そもそもスマホはデジカメと違い本体が薄いため、搭載できるレンズに物理的な制約がある。このレンズの制約から、スマホのカメラはどうしても焦点距離の狭さが弱点になってしまっていた。そこで最近はスマホに複数のカメラを内蔵し、それぞれで広角や望遠を使い分けることで、この弱点を克服しようと進化している。
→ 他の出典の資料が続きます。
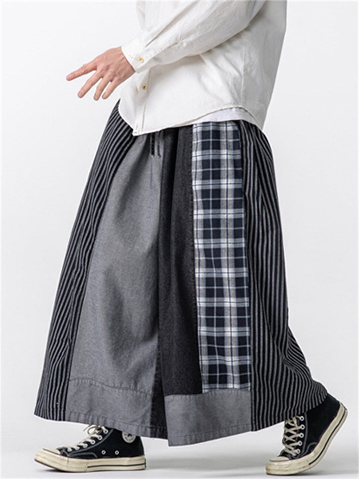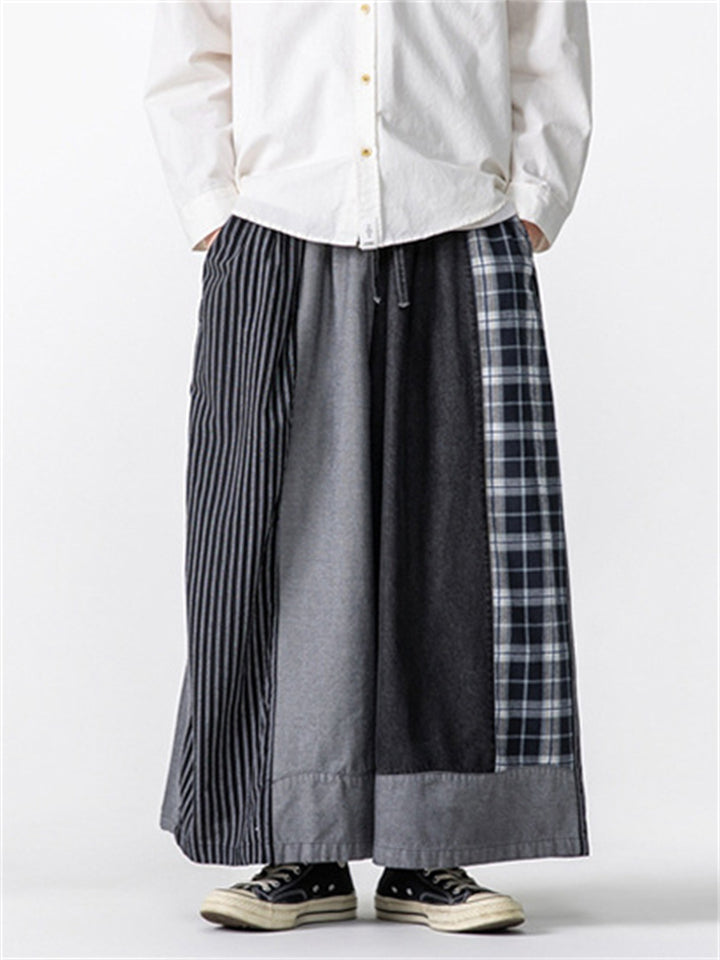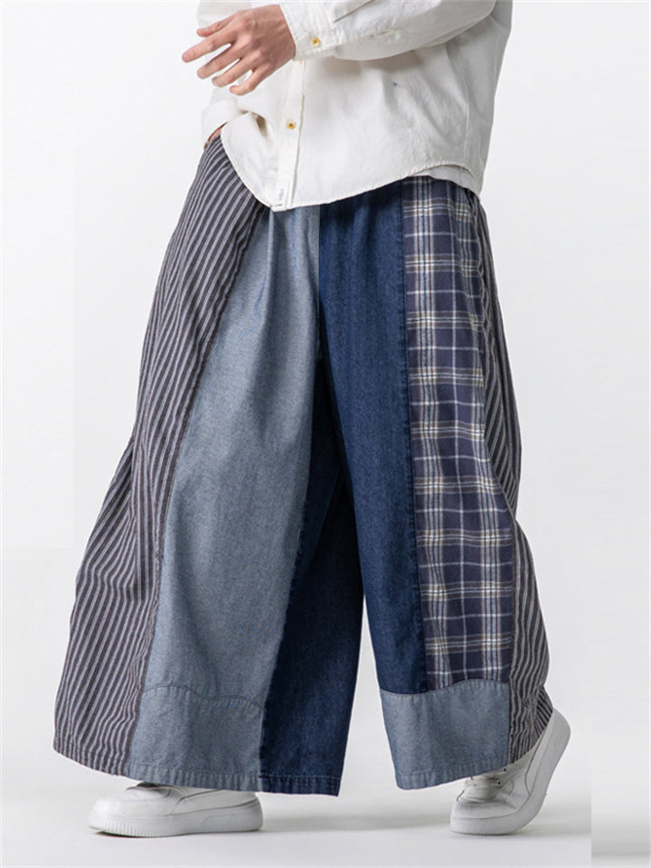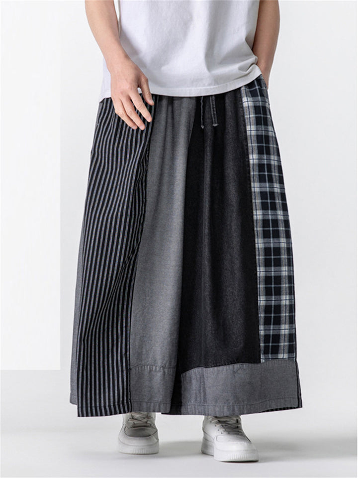 Men's Casual Plaid Stripe Patchwork Wide Leg Cropped Pants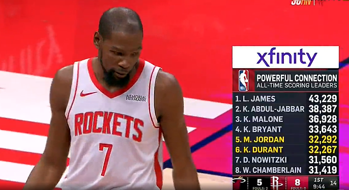 转播镜头给出数据:目前杜兰特得到32267分,距离历史得分榜第五位的乔丹还有26分!

OPPOの「10倍ハイブリッドズーム」技術は、この弱点に対し異なるアプローチで挑む。プリズムを使って光を屈曲させるペリスコープ(屈曲光学)構造をカメラモジュールに採用することで、レンズを従来の垂直方向ではなく水平に配置できるようにした。これにより、薄型のスマホであっても、光学レンズでは従来不可能だった高倍率ズームが搭載できる。

光を曲げるペリスコープ構造を採用

ただ、35mm換算での焦点距離は16~160mmの10倍となっており、一般的なコンデジの感覚では5倍ズーム程度の性能だ。8.1倍以上はデジタル処理を組み合わせた「ハイブリッドズーム」としているなど、いくつか注意点はある。とは言え、これまでにない望遠レンズをスマホで扱えるのは面白い。

10倍ハイブリッドズームによる画角の違い

OPPOは既に報道陣に向けて、この10倍ハイブリッドズーム技術を搭載するスマホの開発デモ機を公開している。2019年の第2四半期には製品化する計画で、日本市場へも2019年中に投入する見込みだ。

10倍ハイブリッドズームのデモ機。5Gにも対応できるという

特にカジュアルなカメラ需要の受け皿としてスマホに押されがちなデジタルカメラだが、高倍率ズームはスマホには無い、デジカメに残された得意分野のひとつだった。だが望遠もスマホで十分撮れるとなれば、いよいよその優位性も危うくなる。今回のズーム技術は、デジカメ市場をもう一段縮小させてしまう可能性を秘めているのだ。

最大のライバルであるファーウェイも「HUAWEI P30」シリーズで望遠カメラを搭載するとみられており、今後は各メーカーが高倍率ズームで競い合うことは間違いなさそうだ。